Нежелание Гордона делиться информацией распространялось не только на Номер 10. Оно вызывало бесконечные свары с коллегами по Кабинету министров. В 2000 году госсекретарь Минздрава Алан Милбурн посетовал, что с ним не посоветовались при окончательном распределении средств. Правда, Алан успокоился, когда Гордон сообщил ему, сколько конкретно денег намерен запихать Минздраву в глотку. Зато Дэвид Бланкетт, госсекретарь Министерства образования, узнав, сколько получит Минздрав, отказался подписать бюджет своего Министерства. Два года спустя Гордон скрыл и от Алана, и от Дэвида суммы, предназначенные их министерствам, они же в ответ отказались участвовать в его публичном выступлении после оглашения бюджетного плана. Пошли слухи о намеченном на 2004 год уходе Гордона в Министерство иностранных дел; на фоне этих слухов Гордон сетовал в Кабинете: дескать, министерские свары его просто вымотали. Дэвид Бланкетт, тогдашний министр внутренних дел, не скрывавший желания занять место Гордона, веселым голосом уточнил: «Вам, верно, надоело быть канцлером?»
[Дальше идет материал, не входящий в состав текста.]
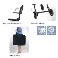 アームサポート跳ね上げができ、収納式フォットサポートと収納バッグが付いているので旅行先でも便利です。

Самые ожесточенные споры возникали обычно вокруг расходов на оборону. Минобороны настраивало прессу против Гордона; тот возмущался, ибо искренне считал, что деньги нужно тратить сначала на внутренние дела и на помощь иностранным государствам, а уж потом, что останется, — на оборону. Мы же держали сторону Минобороны, отчасти потому, что из его сотрудников переговорщики просто аховые. Они, похоже, не располагали даже данными, с которых можно было бы начать переговоры; что до Гордона, он нередко завершал дебаты перепалкой с одним адмиралом, советником по финансам при начальнике штаба. Гордон так увлекался «обменом любезностями» с этим человеком, что забывал и о министрах, и о госслужащих Минобороны. В 2000 году Клэр Шорт, сочтя бюджет своего Министерства международного развития слишком скромным, пригрозила отставкой. Когда же Гордон задобрил Клэр дополнительной суммой, глава генштаба Чарльз Гатри с помощью того же самого приема с отставкой выбил денег и для своего Министерства. Между прочим, речь шла о дополнительных 130 миллионах фунтах стерлингов. Практика прижилась, и вот в 2004 году преемник Гатри, Майк Уокер, потребовал личной встречи с Тони. Уокер ставил себе ту же цель и использовал то же проверенное средство. В 2007 году Гордон предложил «для популярности» увеличить зарплаты военным, даром что они находились в Афганистане и Ираке. Тони удалось отговорить Гордона от этой затеи, зато Гордон отныне мог позиционировать себя в таблоидах как защитник солдатских интересов.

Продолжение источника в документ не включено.